Kirk:  Let's start at the beginning. When and how did your interest in the market begin early on?

John Reese:  I first became interested in the stock market at the age of thirteen when I became curious, then fascinated, by reading each weekly issue of Value Line that my father subscribed to and then trying to figure out which combination of Value Line's ratings and screens would help pick the best stocks. Around that time, I also began playing the 3M bookshelf same "Stocks and Bonds" and became quite good at it, reinforcing my interest in stocks and investing.

Kirk:  How did those early experiences transition into a lifetime career?

John Reese:  When I went to MIT, my main interest was learning everything I could about technology and computers. As part of this interest, I joined the MIT Artificial Intelligence Laboratory, where I learned how to extract wisdom from books and incorporate that knowledge into smart computer programs. With the encouragement of one of my professors, J. Licklider, I began to think about how I might make a smart computer program to pick stocks. However, that was perhaps one of ten diverse projects that I was seriously spending time on (the others ranging from non-drug treatment of migraine headaches, to the first microprocessor-controlled system for office building HVAC systems to save energy and money, to electronic speech recognition, to a computer controlled windrower that could automatically harvest rows of grains without being ridden by a human.) I actually brought several of these projects to fruition, but the program for picking stocks ended up on my incubation list, where it was to lay dormant for many years.

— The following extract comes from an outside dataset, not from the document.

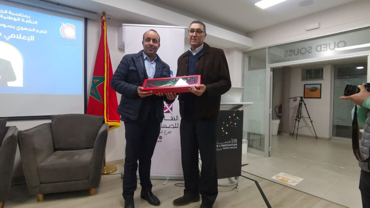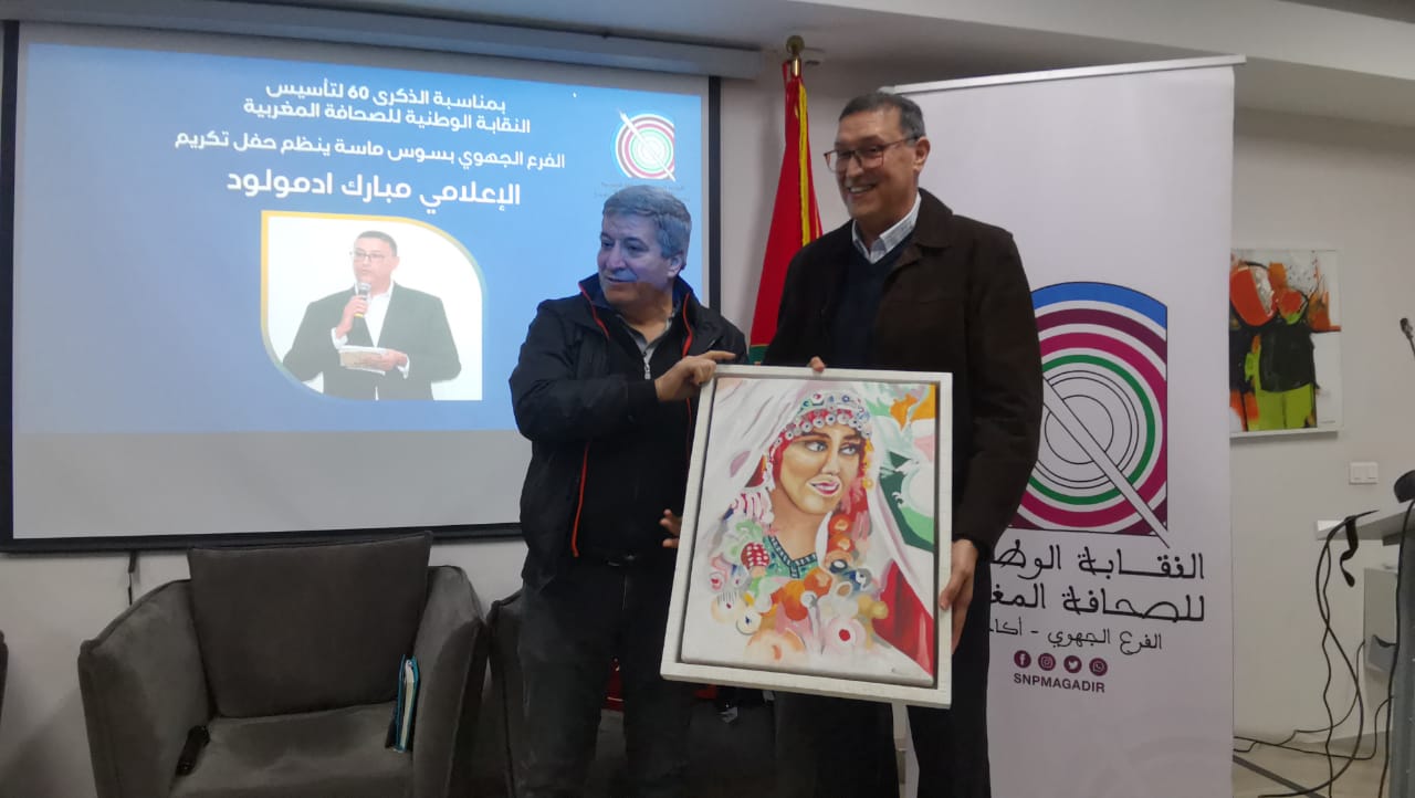 نظمت النقابة الوطنية للصحافة المغربية الفرع الجهوي لسوس ماسة،حفل تكريمي للإعلامي مبارك ادمولود يوم الجمعة 17 فبراير الجاري بمدينة الابتكار باكادير،وذلك بمناسبة الذكرى 60 لناسبس النقابة الوطنية للصحافة المغربية ،بحضور عدد من المثقفين ومنتخبين وأساتذة جامعيين وفنانين واعلاميين ،الذين اعتبروا هذه الالتفاتة حميدة تنم عن نبل عميق في التعامل مع الأسرة الاعلامية بجهة سوس ماسة.

After graduation, I went on to a career in engineering and business, getting my MBA at the Harvard Business School and working in the telecommunications and personal computer industries. I eventually founded a business focused on computer networking. It was the sale of this company many years later that retriggered my interest in the stock market - trying to figure out how to invest the cash that I received from the sale of my company. I had read many investing books, but it wasn't until I read Peter Lynch's One Up on Wall Street that I had an "aha!" moment. Here was someone with 1) a proven track record, who 2) in his book had publicly disclosed the stock-picking strategy that made him successful, and who 3) had a strategy with a substantial, clearly described quantitative portion. I thought that I could extract the wisdom from his book, and create a computer program to analyze any stock of my choice and tell me whether Peter Lynch would have a strong interest in it -- and why or why not.

This approach proved to be extremely successful and time efficient. I went on to identify more than a dozen investing legends (after reading hundreds of investing books and research papers) whose works met the three criteria I just mentioned. Then I implemented Artificial Intelligence "knowledge bases" for each one -- that is, I created computer models that evaluated stocks using each approach. So, by entering just the ticker symbol of a stock that caught my attention, I could almost instantly get the opinion of twelve investing legends on the stock.

This development happened near the beginning of the Internet era, and, with my handpicked team, I went on to offer access to these models on the Internet at Validea.com.

The extensive investing research that I had done, plus the excellent track records of stock portfolios picked by each of my AI gurus, resulted in quite a few individuals asking me to manage their money. I thus created Validea Capital Management, which, along with Validea.com, became my full-time passion and my new career.